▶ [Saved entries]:
--------------------------------

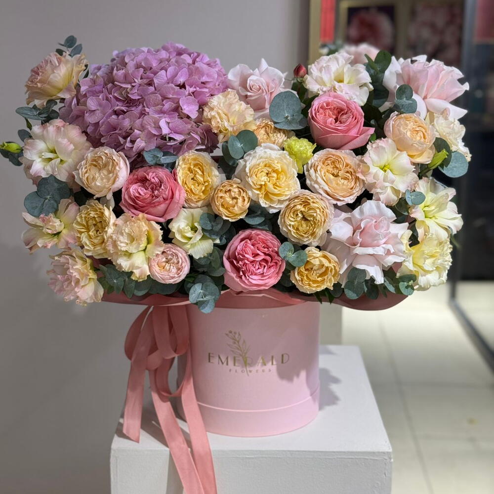 Hydrangea - 1 pcs Eustoma - 5 pcs Eucalyptus bunch - 1 pcs pink mondial - 3 pcs juliet bush rose peony - 3 pcs pink express - 3 pcs коробка брендированная м - 1 pcs
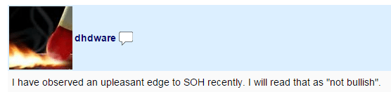 The zeitgeist in the comments section is partly driven by the market. Since Slope is a bearish blog, a strong, uptrending market tends to create a lot of angst and mud-slinging, whereas a downtrending market (which happens a few days every seventeen years or so) creates a lot of hugging, back-slapping, and A-frame man-hugs. Indeed, I strongly agree with this comment posted this weekend:
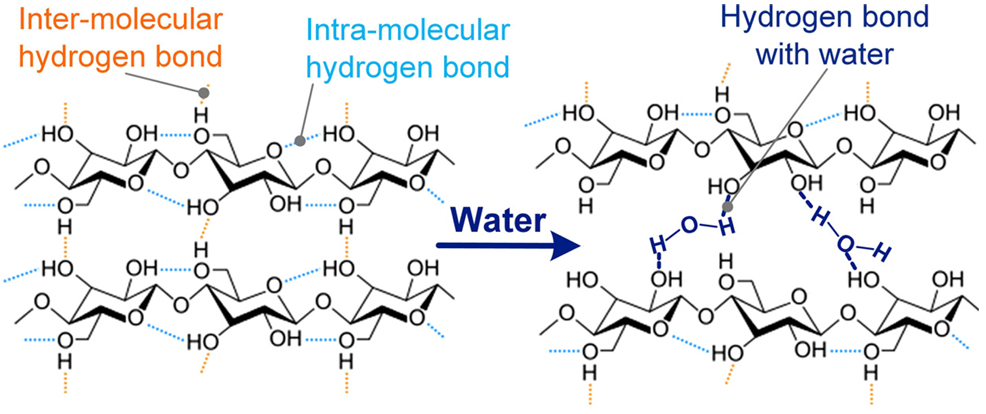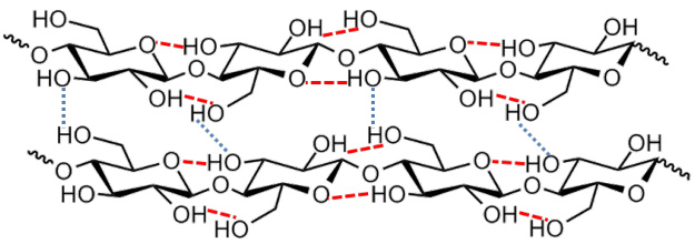 分子间氢键(蓝色虚线)与分子内氢键(红色虚线)存在于两条平行纤维素链之间。
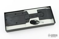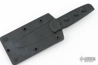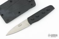 This is a Bud Nealy designed utility spear point with hidden tang construction and a blade thickness of 1/8", depth of 7/8". Handle is non-slip polymer with circular designs. Versatile Kydex carry system allows for belt, boot and neck carry. Comes with original box, papers, sheath, and ball chain. Excellent condition.
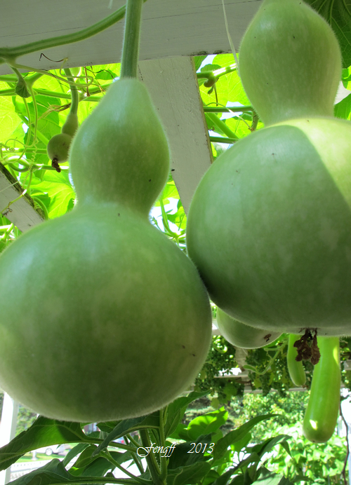 55 种了一棵葫芦和一棵瓠瓜。第一次种,才知它俩是同时结瓜。希望明年可以把二者的结瓜时间错开,这样就不会同一时间收很多瓜。
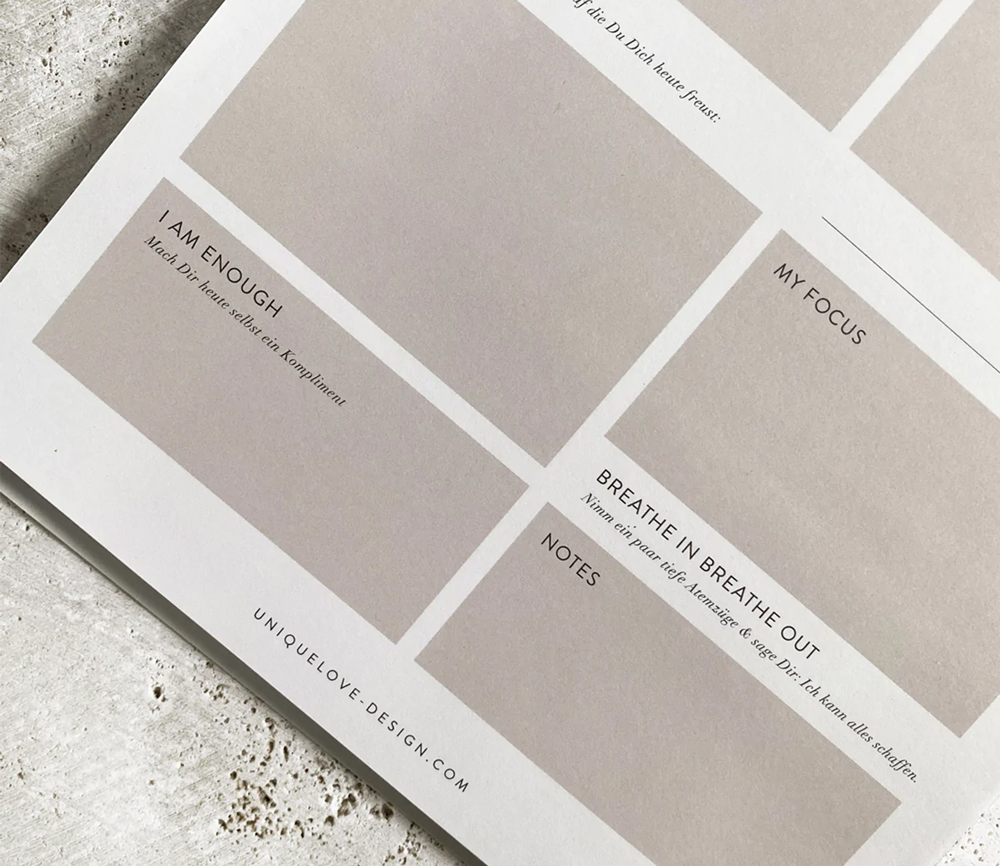 So findest Du im Kalender Platz für Deine Familie, aber auch für Deine Arbeit als Working Mom, ebenso für Deine Me-Time und Deinen persönlichen Focus am Tag. Ganz bewusst haben wir auch Felder integriert, die nichts mit To Do‘s zu tun haben. So mache Dir jeden Tag auch selbst ein Kompliment oder halte fest, auf was Du Dich besonders freust an diesem Tag.

--------------------------------

▶ [What you will do]: Would you please copy, exactly and only, the lines from the one with "55 种了一棵葫芦和一棵瓠瓜" through the end of the entries above, skipping every picture?

▶ [Result below]:
 55 种了一棵葫芦和一棵瓠瓜。第一次种,才知它俩是同时结瓜。希望明年可以把二者的结瓜时间错开,这样就不会同一时间收很多瓜。
 So findest Du im Kalender Platz für Deine Familie, aber auch für Deine Arbeit als Working Mom, ebenso für Deine Me-Time und Deinen persönlichen Focus am Tag. Ganz bewusst haben wir auch Felder integriert, die nichts mit To Do‘s zu tun haben. So mache Dir jeden Tag auch selbst ein Kompliment oder halte fest, auf was Du Dich besonders freust an diesem Tag.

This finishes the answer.